How the 2018 Tax Law Changes Affect Small Businesses

The biggest modification to tax law in 30 years brings a lot of positive changes to small business owners overall. However, in some areas, there are reductions in tax breaks as well as some deductions that disappear altogether. It’s important to understand how the 2018 tax law changes impact your business filing of 2018 taxes.
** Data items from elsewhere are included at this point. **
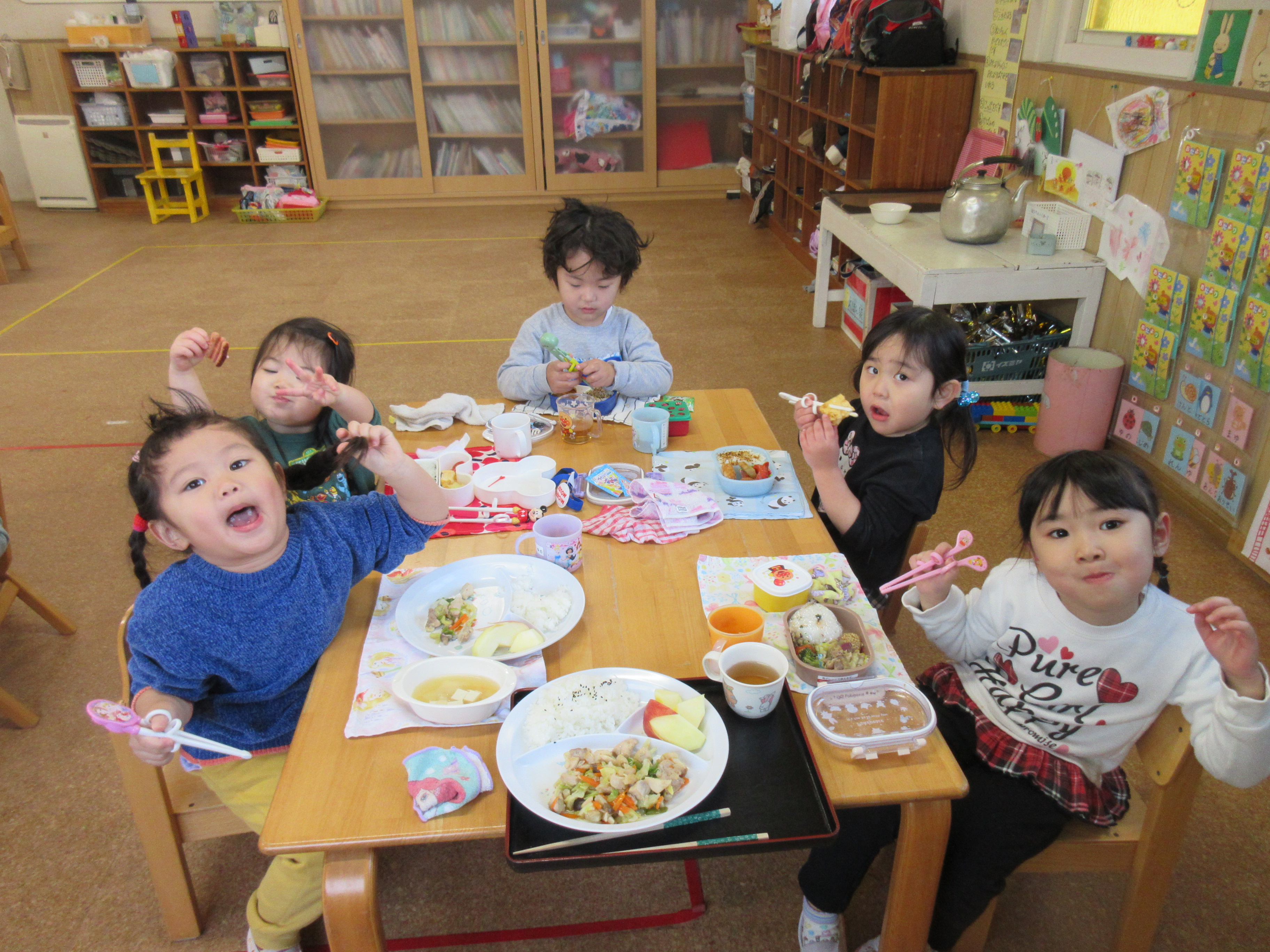 お弁当も給食もみんなで食べて美味しかったね(^▽^)/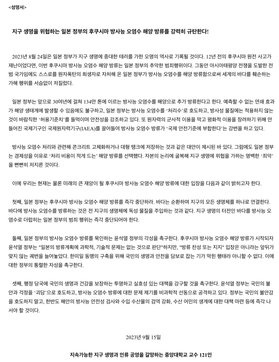 “정부는 자체 비축 76,000 t에 민간 유통업자에게 저금리로 돈을 빌려줘 130,000 t 수준으로 수산물 수매를 유도하겠다는 대책을 내놓았지만 전체 생산량을 보면 턱없이 낮은 수준이다. 일본이 방류했더라도 우리 바다까지 오는 시간은 아직 남아 있으니 우리 정부는 국제재판소 제소 등 최대한 빨리 중지시키려고 노력하라.”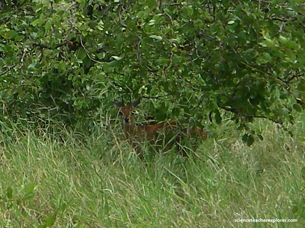 Pictured above, the Steenbok Raphicerus campestris has orange-brown with white under-parts and large ears. The inside of the ears is white with dark stripes. This is a solitary male because it has horns.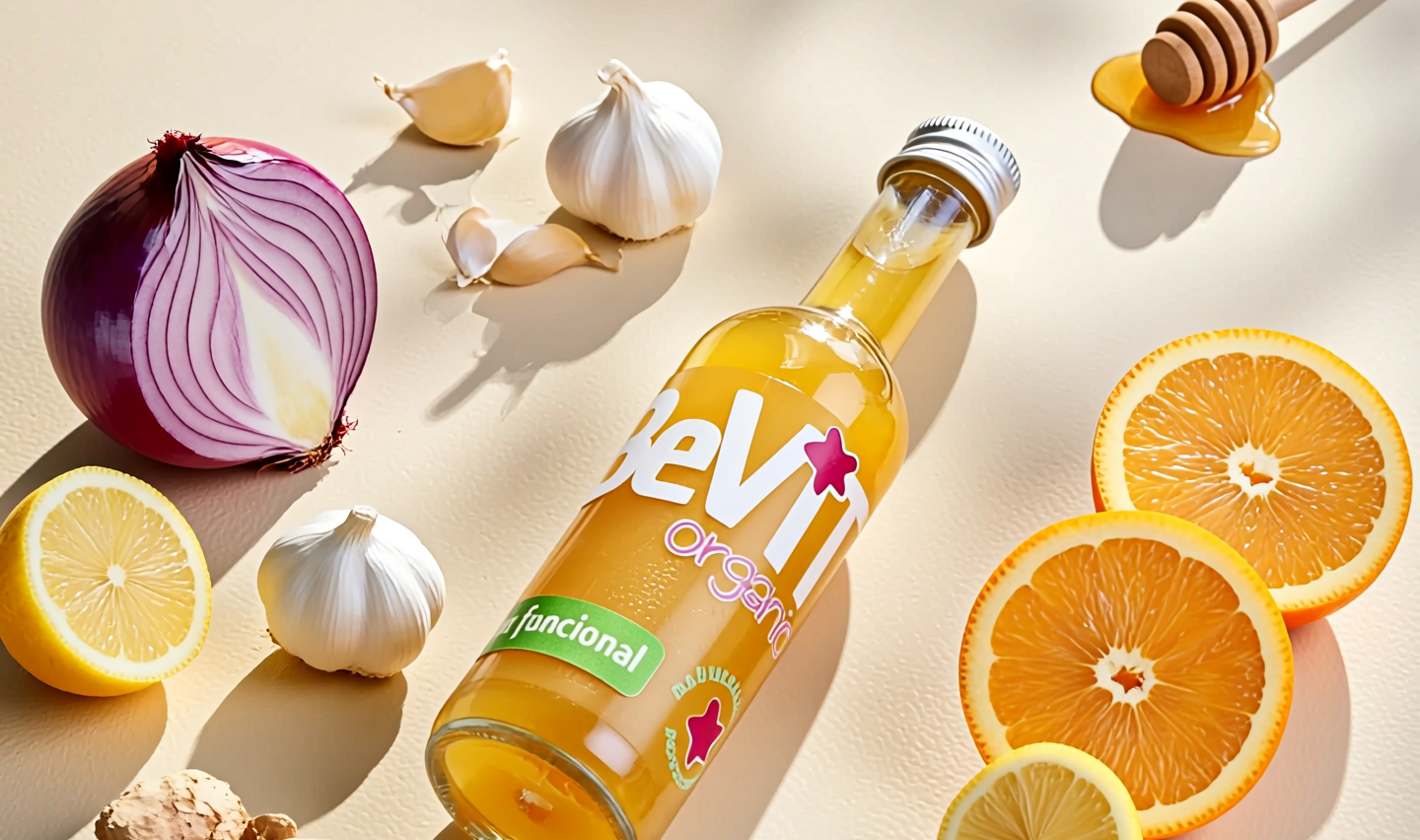 Cebolla, ajo, miel, jengibre, canela y cítricos se unen en una mezcla artesanal que aporta bienestar real sin aditivos ni artificios.

Corporate Tax Rate Reduction

If your business is registered as a C-corp, then good news! Your tax rate dropped from 35% to 21%. While this change can benefit largely-profitable corporations, small corporations might not make out as well. While the old tax code allowed for a 15% tax rate on the first $50,000 of taxable income, the new law means that corporate taxable income is taxed at a flat rate of 21%

S-Corp, Partnership, and LLC Tax Rate Reduction

If you qualify as a pass-through business, meaning you pay taxes on your business earnings as if it is personal income, then based on provisions in the 2018 tax law, you can probably deduct 20% of your qualifying income before doing the rest of the math on what you owe. However, there are a lot of rules and restrictions, which mostly apply to earners in excess of $157,500 on an individual return and $315,000 on a joint return. Consult with a certified public accountant (CPA) if this applies to you to make sure you take the correct deduction.

Meals and Entertainment

Meals during which business is discussed with coworkers or clients are 50% tax deductible. Meals eaten during business travel are also 50% deductible.


Company events such as parties and picnics are 100% deductible. However, client entertainment, recreation, or amusement—such as golf outings, cover charges, theater, and sporting events—are no longer considered tax deductible.

Net Operating Loss Deduction

The new tax rules reduce the deduction for net operating losses (NOLs). The IRS states the net operating loss deduction is limited to 80% of taxable income for losses arising in taxable years after Dec. 31, 2017. NOLs can be carried forward indefinitely, while NOL carrybacks are generally prohibited. Under the old law, NOLs could be carried back two years and carried forward 20 years.

Capping Business Losses on Individual Returns

A joint return is limited to $500,000 in business losses. Single filers are capped at $250,000 in business losses. While trade or business losses exceeding these amounts aren’t deductible in a single tax year, amounts over these caps can be carried forward. Ask your CPA to take into consideration current passive-activity loss rules to make sure you stay on the right side of tax regulations.

Expensing vs. Depreciation of Business Asset Purchases

If you purchase assets for your business that qualify, you can deduct the entire cost of these assets. If you would rather expense business assets rather than depreciating them, the cap on that amount has been raised to $1 million.


There are more subtleties to the changes of this law, so if you’ve purchased business assets and put them into service after September 27, 2017, it’s wise to consult with your CPA or business planner to determine whether you should expense the purchases outright or deduct the depreciation of the assets. If you expect your business tax bracket to rise in the future, the deduction could help you out down the road by keeping your future tax rates lower.

Vehicle Tax Breaks

The new tax law gives tax breaks to buyers of new or used business vehicles. Bonus depreciation is a tax incentive designed to allow the deduction of a large percentage of a qualifying business purchase, which comes into play with auto purchases. The first-year deduction of a percentage of the cost of the vehicle is larger, followed by smaller deductions allowed for depreciation in the following years. The first-year cap is $18,000 for passenger cars purchased after Sept. 27, 2017, and put into service in 2018. If you purchase a heavy SUV or heavy pickup truck for business use, you can deduct up to 100% of the cost.

An End to the Domestic Production Deduction

In past years, there was a 9% deduction of income gained from U.S.-based production activities. This write-off has been done away with under the new tax code, with no phase-out period. However, if your business’s fiscal year straddles 2017 and 2018, you might still qualify for the deduction. Check with your CPA.

Other Changes

The new tax law includes a wide array of changes, many of which don’t apply to every business out there. Other tax law changes that may or may not apply to your business include changes in the following areas:


  • Employee commuter benefits
  • Family medical leave
  • Like-kind exchanges
  • Settling sexual harassment claims
  • Cash method vs. the accrual method of accounting
  • Interest paid on business loans


Many changes to the 2018 tax law are of big benefit to business owners. As you file taxes this year, reflect on how you can change the way you do business in the coming years to take full advantages of these changes in the future. As always, be sure to consult with a professional to ensure you are filing taxes correctly and conducting business above board in the legal sense.